[Data below Boundary: Start]

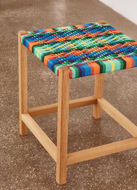 Description: This stool brings together sustainable material choices and traditional craft heritage in a contemporary form. The frame is made from durable white oak, and the seat is woven with recycled PET cord (RPET), a material chosen for its longevity and circular potential. By minimizing cord cutting, the design anticipates its own end-of-life cycle, allowing the cords to be more easily recovered and reused.
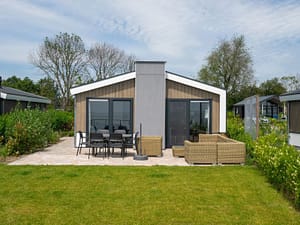 "Pavilion Waterfront 6", chalet 4-kamers 75 m2. Comfortabel ingericht: hal met aparte WC. Woon-/eetkamer met eettafel en Flatscreen TV. Uitgang naar het terras. 1 2-pers. kamer...
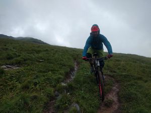 Wir passierten einen herrlichen Bergsee bevor wir eine fettige Steilstufe überschreiten mussten. Enge Serpentinen und ordentlich vom Regen aufgeschwemmt - das könnte in der Abfahrt witzig werden. Danach wurde der Boden steiniger und die Aussicht offener. Was auch das aufkommende Unwetter offenbarte. Hm, was tun? Wir waren vermutlich auf 2000 Metern, das schönste Stück lag noch vor uns. Der Gipfel war schon in Sicht. Ich konnte mich durchsetzen und wir gingen weiter. Mittlerweile die Räder auf dem Rücken Richtung Gipfelaufbau. Ein herrlicher Grat aus Schiefer. Gestern träumten wir uns schon während der Planung in die Abfahrt dessen… das wir hier Unwetter haben, kam in unserem Träumen nicht vor. Aber gut. Die gut gelaunte Wandergruppe kam auch nicht vor. Die gute Laune des Bergführers bezüglich unseres Vorhabens bestärkte uns aber darin weiter zu gehen. Allerdings kamen auch jetzt die Wolken und hüllten uns in eine Sicht, die nicht weiter als 20 Meter reichte und vor allem starken Platzregen brachte. Wir erhöhten unser Tempo und kamen am Gipfel an. Aussicht: Fehlanzeige.

[Data below Boundary: End]

Prompt: Every line from the one holding "1 2-pers. kamer..." to the last line of the listing above, inclusive, must appear exactly as written, and no picture may appear.

Task result:
 "Pavilion Waterfront 6", chalet 4-kamers 75 m2. Comfortabel ingericht: hal met aparte WC. Woon-/eetkamer met eettafel en Flatscreen TV. Uitgang naar het terras. 1 2-pers. kamer...
 Wir passierten einen herrlichen Bergsee bevor wir eine fettige Steilstufe überschreiten mussten. Enge Serpentinen und ordentlich vom Regen aufgeschwemmt - das könnte in der Abfahrt witzig werden. Danach wurde der Boden steiniger und die Aussicht offener. Was auch das aufkommende Unwetter offenbarte. Hm, was tun? Wir waren vermutlich auf 2000 Metern, das schönste Stück lag noch vor uns. Der Gipfel war schon in Sicht. Ich konnte mich durchsetzen und wir gingen weiter. Mittlerweile die Räder auf dem Rücken Richtung Gipfelaufbau. Ein herrlicher Grat aus Schiefer. Gestern träumten wir uns schon während der Planung in die Abfahrt dessen… das wir hier Unwetter haben, kam in unserem Träumen nicht vor. Aber gut. Die gut gelaunte Wandergruppe kam auch nicht vor. Die gute Laune des Bergführers bezüglich unseres Vorhabens bestärkte uns aber darin weiter zu gehen. Allerdings kamen auch jetzt die Wolken und hüllten uns in eine Sicht, die nicht weiter als 20 Meter reichte und vor allem starken Platzregen brachte. Wir erhöhten unser Tempo und kamen am Gipfel an. Aussicht: Fehlanzeige.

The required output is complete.